What you return must be the lines of the data that hold the word "נשים".

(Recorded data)
----

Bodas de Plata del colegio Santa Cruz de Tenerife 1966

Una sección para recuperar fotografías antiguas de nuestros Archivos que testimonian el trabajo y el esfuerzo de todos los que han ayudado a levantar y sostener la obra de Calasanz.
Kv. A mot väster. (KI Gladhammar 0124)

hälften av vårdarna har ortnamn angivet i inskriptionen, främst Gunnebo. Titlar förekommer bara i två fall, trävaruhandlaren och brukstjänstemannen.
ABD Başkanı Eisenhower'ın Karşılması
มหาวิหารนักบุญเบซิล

----

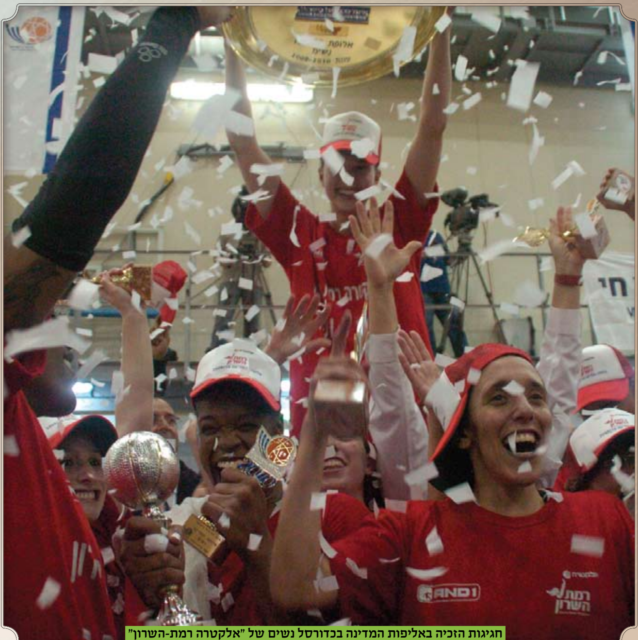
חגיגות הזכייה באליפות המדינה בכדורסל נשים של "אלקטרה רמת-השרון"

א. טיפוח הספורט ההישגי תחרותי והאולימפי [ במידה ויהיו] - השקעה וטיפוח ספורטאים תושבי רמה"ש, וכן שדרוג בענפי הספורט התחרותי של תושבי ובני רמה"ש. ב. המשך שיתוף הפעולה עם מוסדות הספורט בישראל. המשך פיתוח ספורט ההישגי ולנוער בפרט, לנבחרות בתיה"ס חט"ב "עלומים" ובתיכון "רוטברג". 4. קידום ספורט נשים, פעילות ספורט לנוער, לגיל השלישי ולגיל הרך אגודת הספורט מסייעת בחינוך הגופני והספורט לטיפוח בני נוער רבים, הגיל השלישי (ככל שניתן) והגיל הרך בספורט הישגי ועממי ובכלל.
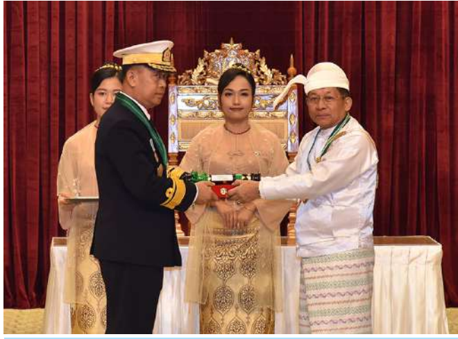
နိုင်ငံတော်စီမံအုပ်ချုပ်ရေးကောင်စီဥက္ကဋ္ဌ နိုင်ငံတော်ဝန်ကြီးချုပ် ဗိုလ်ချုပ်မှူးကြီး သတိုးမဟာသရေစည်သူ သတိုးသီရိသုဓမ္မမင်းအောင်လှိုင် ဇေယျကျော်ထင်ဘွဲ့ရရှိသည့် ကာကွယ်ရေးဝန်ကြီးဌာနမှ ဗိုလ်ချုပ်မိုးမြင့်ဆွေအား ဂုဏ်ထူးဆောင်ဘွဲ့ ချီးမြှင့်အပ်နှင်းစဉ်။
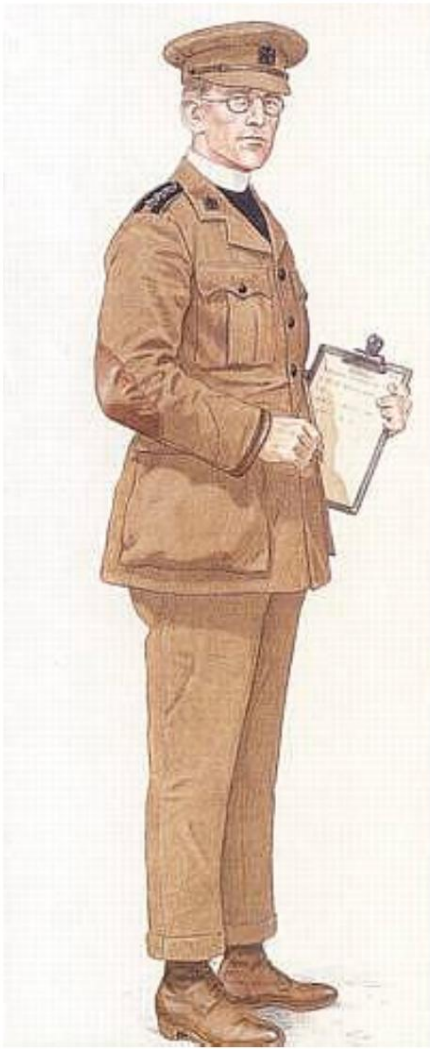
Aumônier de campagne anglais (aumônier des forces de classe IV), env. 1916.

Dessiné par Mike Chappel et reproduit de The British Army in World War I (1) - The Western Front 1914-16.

----

Answer >>
חגיגות הזכייה באליפות המדינה בכדורסל נשים של "אלקטרה רמת-השרון"
א. טיפוח הספורט ההישגי תחרותי והאולימפי [ במידה ויהיו] - השקעה וטיפוח ספורטאים תושבי רמה"ש, וכן שדרוג בענפי הספורט התחרותי של תושבי ובני רמה"ש. ב. המשך שיתוף הפעולה עם מוסדות הספורט בישראל. המשך פיתוח ספורט ההישגי ולנוער בפרט, לנבחרות בתיה"ס חט"ב "עלומים" ובתיכון "רוטברג". 4. קידום ספורט נשים, פעילות ספורט לנוער, לגיל השלישי ולגיל הרך אגודת הספורט מסייעת בחינוך הגופני והספורט לטיפוח בני נוער רבים, הגיל השלישי (ככל שניתן) והגיל הרך בספורט הישגי ועממי ובכלל.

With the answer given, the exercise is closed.